I have a file where each line was written with

char flag1='0', flag2='+', line[80];
fprintf(file, "%c%c%s\n", flag1, flag2, line[80]);

I'm trying to read it back into the same variables one line at a time.
I've tried
fscanf(file, "%c%c%s\n", &flag1, &flag2, line);
fscanf(file, "%c%c%s ", ...);
fscanf(file, " %c%c%s", ...);
fscanf(file, "\n%c%c%s", ...);

All of these work on the first line and give me a '\n' in flag1 and a
'0' in flag2 and a '+' in line[0] on
the second and subsequent lines. The lattice library manual states that
the space character will skip newlines, tabs, and spaces, and therefore the
second or third one should be correct.
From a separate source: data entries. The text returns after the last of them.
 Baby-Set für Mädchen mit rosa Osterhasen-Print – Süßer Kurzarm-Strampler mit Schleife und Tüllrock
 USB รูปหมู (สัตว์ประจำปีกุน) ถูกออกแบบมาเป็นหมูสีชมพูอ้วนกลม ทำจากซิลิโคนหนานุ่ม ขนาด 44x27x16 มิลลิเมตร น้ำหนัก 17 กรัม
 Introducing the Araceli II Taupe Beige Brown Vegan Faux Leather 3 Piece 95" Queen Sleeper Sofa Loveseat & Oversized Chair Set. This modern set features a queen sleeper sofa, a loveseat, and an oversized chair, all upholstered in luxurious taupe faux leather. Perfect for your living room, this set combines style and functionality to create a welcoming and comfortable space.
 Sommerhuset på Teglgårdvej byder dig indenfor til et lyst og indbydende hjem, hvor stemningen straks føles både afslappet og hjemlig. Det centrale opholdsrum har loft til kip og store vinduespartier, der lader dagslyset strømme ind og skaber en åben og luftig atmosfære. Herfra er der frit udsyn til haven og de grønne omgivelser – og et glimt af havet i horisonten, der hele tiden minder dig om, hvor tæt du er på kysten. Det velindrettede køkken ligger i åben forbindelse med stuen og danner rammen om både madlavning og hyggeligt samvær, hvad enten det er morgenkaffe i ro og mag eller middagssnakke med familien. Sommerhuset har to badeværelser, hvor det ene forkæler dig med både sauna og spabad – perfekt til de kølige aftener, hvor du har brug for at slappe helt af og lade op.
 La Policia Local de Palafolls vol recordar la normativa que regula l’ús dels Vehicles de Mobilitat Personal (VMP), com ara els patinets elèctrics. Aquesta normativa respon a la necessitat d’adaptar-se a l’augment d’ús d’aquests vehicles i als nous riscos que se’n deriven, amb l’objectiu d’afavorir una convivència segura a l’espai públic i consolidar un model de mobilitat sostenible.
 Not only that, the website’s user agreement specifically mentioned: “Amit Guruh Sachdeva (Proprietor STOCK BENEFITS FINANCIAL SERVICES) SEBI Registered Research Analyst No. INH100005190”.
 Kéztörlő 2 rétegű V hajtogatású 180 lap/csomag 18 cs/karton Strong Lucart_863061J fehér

However, it APPEARS as though Lattice
is seeing the first %c and saying I'm not going to skip any whitespace.
I'm well versed in C but usually have avoided the STDIO routines for
various reasons in the past. Can anyone tell me what I'm doing wrong?
				-- Darren

morris-ng@cup.portal.com (Yuklung Morris Ng) (07/19/89)

RE: scanf() question:
 
It seems to me that the fprintf() is the problem.  When you try to print a
string to the file and you write "fprintf(file,"%s",line[80]);" what you are
writing is garbage. The program will try to write the string at address
&line + 80 and end with a \0 char. So the correct format should be
"fprintf(file,"%s",&line);"...
 
+---------+----------------------------+----------------------------------+
|      ///| Morris Y. L. Ng            | Usenet: morris-ng@cup.portal.com |
|     /// | Computer Science & Finance | Portal: Yuklung Morris Ng        |
|    ///  | San Jose State University  | Home  : (###)###-#### (Guess?!)  |
|\\\///   +----------------------------+----------------------------------+
| \XX/    |          "Be my Amiga!  And I will be your Amigo!"            |
+---------+---------------------------------------------------------------+

charles@hpcvca.CV.HP.COM (Charles Brown) (07/20/89)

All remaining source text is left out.